Basically, I feel like the human factor is getting smaller and smaller.

« It’s like in the post offices, it’s everywhere. Now at Delhaize it’s automatic payments, it’s general… I think we’ve gone back to the Middle Ages: very rich people and everything else is misery. In all the companies, they want to liquidate the staff. »

Interview by Alexandre Penasse
The fact that our interlocutor refused to To reveal one’s identity, at the risk of professional reprisals, says a lot about the endless « freedom of expression » that the media and politicians keep harping on, forgetting to name the fear that some people have of telling the truth in our « free » societies. Kairos wants to give voice to all these anonymous people. 

Freedom of expression ?

Anonymous :  » well, I’m counting on you, I’ve come to talk, because there are colleagues who have been almost revoked because they talked to the press. All I care about is that I have no worries.
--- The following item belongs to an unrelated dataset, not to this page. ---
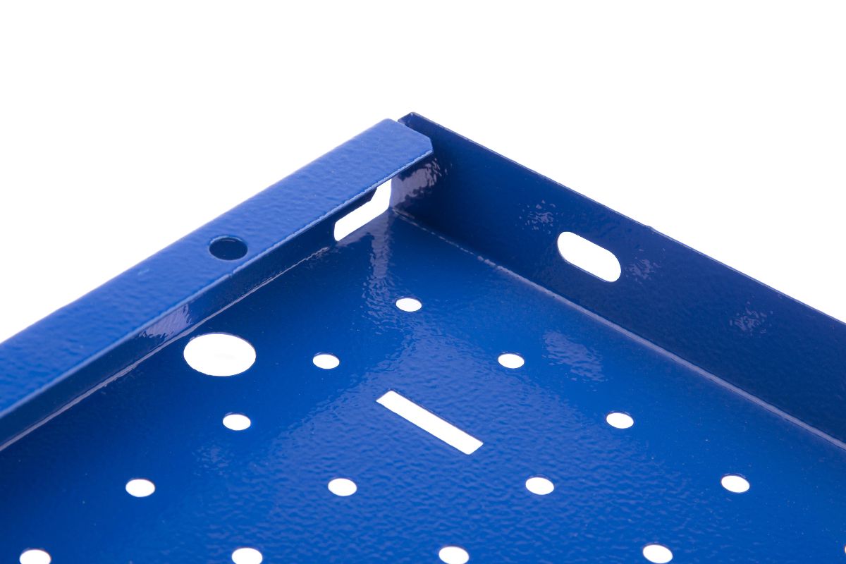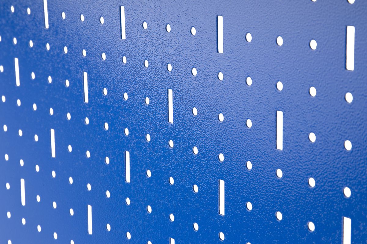 Панель перфорированная предназначена для организации рабочего места в мастерских, гаражах, автосервисах, производственных цехах. На них размещаются держатели для различного инструмента, полки и кармашки. Цвет – синий RAL 5005 Размеры (ШхВхГ) 2000х500х40 мм.

K. : no, we are bound to the secrecy of sources. Do you have an idea for a nickname, or am I making something up ?

A. : must put a pseudo ?

K. : I can put  » anonymous « , or Alain Connu. (laughs)

A. You have to know that they have put in place people whose whole day’s work is to go and search on Facebook what colleagues could put negative things about the SNCB, and the colleagues are shot. ! Their only job is to track down the information that colleagues put on Facebook. There is a colleague ****** who had put  » fed up with this train ******, nothing but problems « , she was called by the chief  » listen, your facebook comments…    » . We can’t talk about the railroad, it’s the communication manager… and we can’t say anything.


Notes et références
  1. Les mots noircis représentent ici le nom d’un village où il y a une gare, que la personne interviewée nous a demandés expressément de ne pas citer sous peine qu’on le reconnaisse et le risque de représaille.